High Blood Glucose Affects Gene Expression

By Gretchen Becker, Health Guide Wednesday, December 17, 2008

Some people think that when it comes to diabetic complications, the only thing that matters is your hemoglobin A1c level (A1c). This is the test that is supposed to measure your average blood glucose (BG) level over the past several months.


High BG levels form what are called advanced glycation end products, or AGEs, and these long-lived products seem to gum up the works and cause diabetic complications, as well as normal aging.


Because it's an average, you can get the same A1c result if you have a constant BG level of 100 mg/dL (an unlikely event, but I'm using it to simplify), or if you spend half your time at 50 and half your time at 150 mg/dL. Because most studies of complication rates, for example the famous Diabetes Control Complications and Trial (DCCT), use only the A1c as a measure of control, many people think that's all that matters.


In fact, that's not true at all. Since then, some studies have suggested that the amount of glucose variability is as important as, or more important than, the average BG levels.  Others have suggested that it's not just the AGEs but three other pathways as well that contribute to long-term diabetic complications.

 

And now, a new study has suggested that even short-term elevations in BG levels can cause so-called epigenetic changes in your genes that persist for a long time after you've brought your BG levels back to normal.


This would explain the persistence of beneficial effects of good BG control many years later, as well as the persistence of a higher rate of complications in people with poor control after their control had improved.
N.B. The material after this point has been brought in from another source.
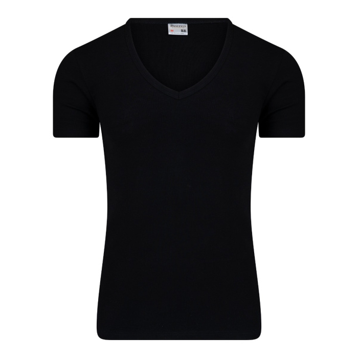 Heren T-shirt met diepe V-hals zonder zijnaden gemaakt van een fijnrib. De hals & armsgaten zijn afgezet met boord. Wanneer men dit shirt onder een overhemd draagt, ziet men geen boordje. 100% katoen, 100% comfort. Dit artikel kan op 60ºC gewassen worden.

For example, a follow-up study of patients in the famous DCCT study showed that the patients who had better control during the study had fewer complications years later, when their A1c levels were almost identical to those who had been in the control group.


In the new study, a group of scientists in Australia and the United States, led by Assam El-Osta, exposed human epithelial cells to high glucose levels (30 mM or about 540 mg/dL) for 16 hours. They then transferred the cells to normal glucose levels (5 mM or about 90 mg/dL) for 6 days.

 

When they did this, they found that even after 6 days, the expression of some genes was increased in the cells exposed to high BG levels compared with the expression of those genes in cells that had been exposed to glucose at only 90 mg/dL for the entire time.


The effect was dose-related: the higher the glucose level during the 16 hours, the greater the expression of the genes. One of the genes whose expression was increased is one that increases inflammation.


The increase in the expression of the genes did not occur under high-glucose conditions when the experimenters prevented the formation of superoxide accumulation. Superoxide is a highly reactive compound, a free radical, or reactive oxygen species (ROS), thought to cause cell damage as well as some beneficial effects like killing invading bacteria. High BG levels increase the levels of ROS.